Recommendations: GPG, encryption, and multiple smartcards

Hello GPG Community,

I am trying to set up my primary GPG key, which I want to use for various purposes, including standard use cases like file/e-mail encryption and more niche features such as authentication when using SSH. Using the wiki, man pages, and other resources, like the infallible Stack Overflow, I created most of my desired setup. However, I encountered a problem which I could not solve so far. In short, my desired setup (and please tell me if you have suggestions on how to improve or where I might have made incorrect assumptions) is as follows:

I have three YubiKey 5s, two personal keys, and one from my workplace. I want to use these YubiKeys as OpenPGP smartcards. After some research, I settled on a primary certification key that does not expire and will be moved to an offline medium. Furthermore, I want to create three subkeys for signing, encrypting, and authenticating for each YubiKey. My reason for this is that these subkeys are generated on the device, and in case of loss or theft, I can revoke the three subkeys for the lost device instead of my entire key. Thus, my public key contains the primary certification key and three encryption, signing, and authentication keys for a total of 9 keys.

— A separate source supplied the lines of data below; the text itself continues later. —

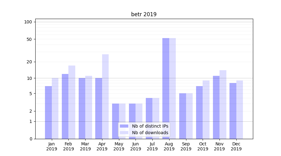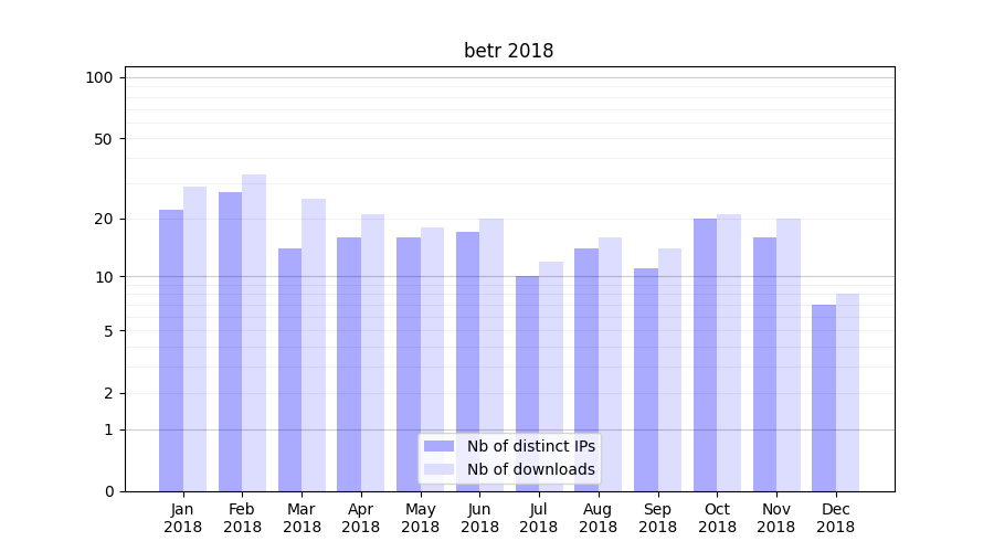 Number of downloads for software package betr, year by year, from 2025 back to 2014 (years with no downloads are omitted):
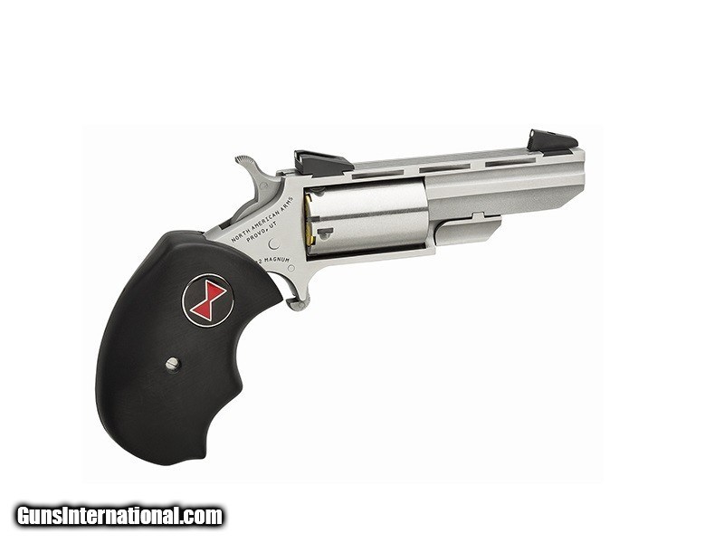 Description: NEW IN STOCK North American Black Widow Revolver BWM, 22 Magnum (WMR), 2", Black Rubber Grip, Stainless Finish, 5 Rd, Fixed Sights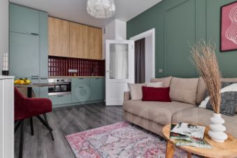 Стильная и уютная 1-комнатная квартира с продуманной планировкой и современным интерьером.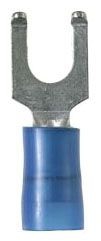 Long Description INSULATED FLANGED FORK TERMINAL, FLANGED, FUNNEL ENTRY TYPE; BLUE COLOR; 18 AWG MIN. CONDUCTOR SIZE; 14 AWG MAX. CONDUCTOR SIZE; UL 486A/486B, CSA C22.2 APPROVAL; 221 DEG F TEMPERATURE RATING; 1000 STANDARD PACKAGE; #10 STUD SIZE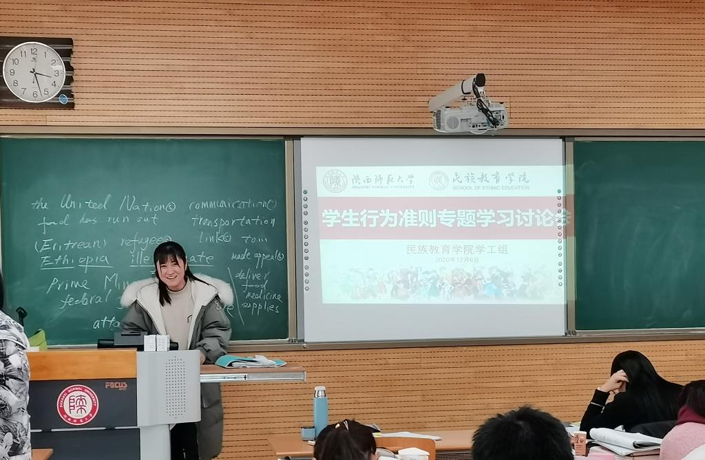 于12月6日由专兼职辅导员带领全体同学通过多种方式进行学生行为准则的专题学习。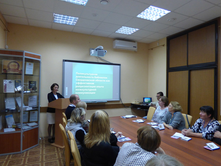 Продолжился форум работами секций по четырем направлениям деятельности в областных библиотеках. В Свердловской областной межнациональной библиотеке работала секция «Поликультурное библиотечное обслуживание населения».

However, there is a catch. It seems the current implementation uses the “latest” encryption key from a public key rather than all, even if they are all valid and unexpired encryption keys. Thus requiring me to use a specific device rather than any of them. At first, I thought a workaround might be using the same subkeys on each device, but since GPG uses key stubs for smartcards, which are linked to the smartcards’ serial number this does not work either without reloading in some way. I have seen simply deleting these key stubs after plugging in the device or forcing a reload through gpg-agent.

Now, my main questions are: Have I missed something? And is the “transparent” use of multiple smartcards currently not possible? I am aware that I can force the use of a specific encryption key using the ! suffix, but this requires additional work and awareness from the sender. I have seen that GPG recently added Additional Decryption Subkeys (ADSK), but a subkey can’t be an encryption and ADSK key simultaneously. Thus, I have no method of signaling that a sender should use all of my encryption keys at once if possible.

I hope I haven’t overlooked anything and done all my due diligence. Maybe someone can offer a solution or confirm my suspicions.

Thank you for reading my post and kind regards :smiley: .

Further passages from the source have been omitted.